There is an important difference between domestic economic policies that create benefits by imposing costs on other nations ("beggar-thy-neighbor policies") and those whose economic costs are borne primarily at home though they might affect others as well ("beggar-thyself policies").
Beggar-thy-neighbor policies need to be regulated at the international level because a nation, left to its own devices, has the incentive to pursue zero-sum policies at the expense of others. This is the strongest argument for subjecting China’s currency policies or large macroeconomic imbalances like Germany’s trade surplus to greater global discipline than currently exists.
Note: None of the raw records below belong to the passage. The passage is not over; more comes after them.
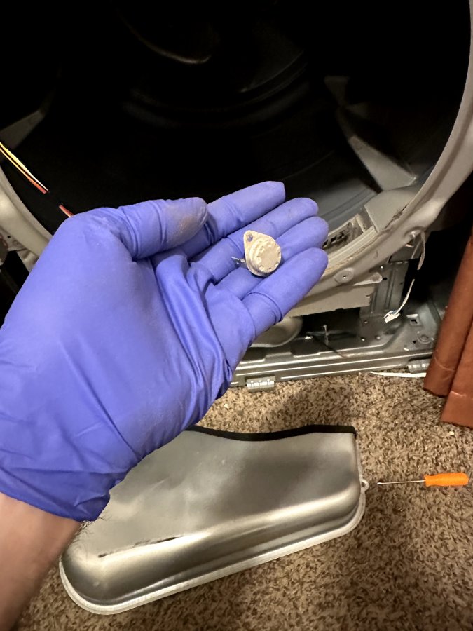 Dryer turns on but clothes stay damp? In many cases, the issue is a failed thermal fuse or high-limit thermostat. This service call in Raleigh, NC (ZIP 27616) addressed both, restoring heat and improving efficiency through full maintenance.
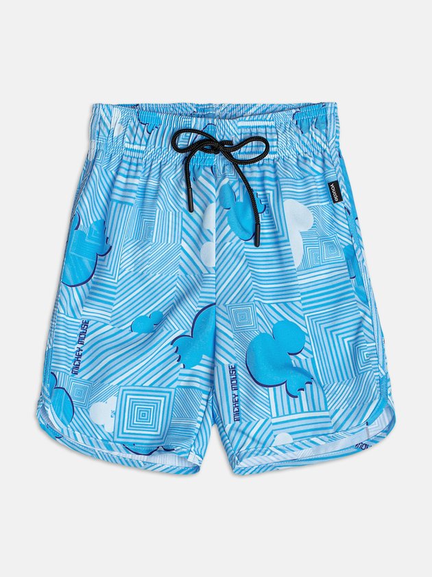 Bermuda azul vibrante com estampa geométrica em tons claros, criando um efeito visual moderno e descolado. Modelagem confortável e fresca, perfeita para acompanhar os pequenos em aventuras ao ar livre com muito estilo. Ref.: I2204
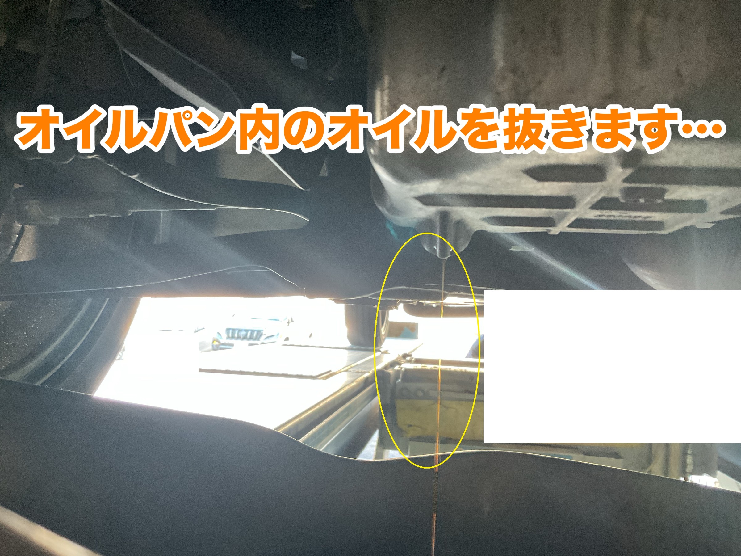 ↓↓↓ オイルパン内のエンジンオイルを抜いていきます。(黄色〇印)

However, “beggar thyself” policies are not the consequence of a failure of international cooperation. They reflect either a deliberate domestic decision to sacrifice economic efficiency to a competing social value, or, in the worst case, a failure of domestic politics.
Consider, for example, agricultural subsidies, bans on genetically modified organisms, or lax financial regulation. While these policies might impose costs on other countries, they are deployed not to extract advantages from them, but because other domestic-policy motives – such as distributional, administrative, or public-health concerns – prevail over the objective of economic efficiency.
The case for global discipline is in fact quite weak with beggar-thyself policies. After all, it should not be up to the “global community” to tell individual countries how they ought to weight competing goals. Imposing costs on other countries is not, by itself, a cause for global regulation. (Indeed, economists hardly complain when a country’s trade liberalization harms competitors.) Democracies, in particular, ought to be allowed to make their own “mistakes.”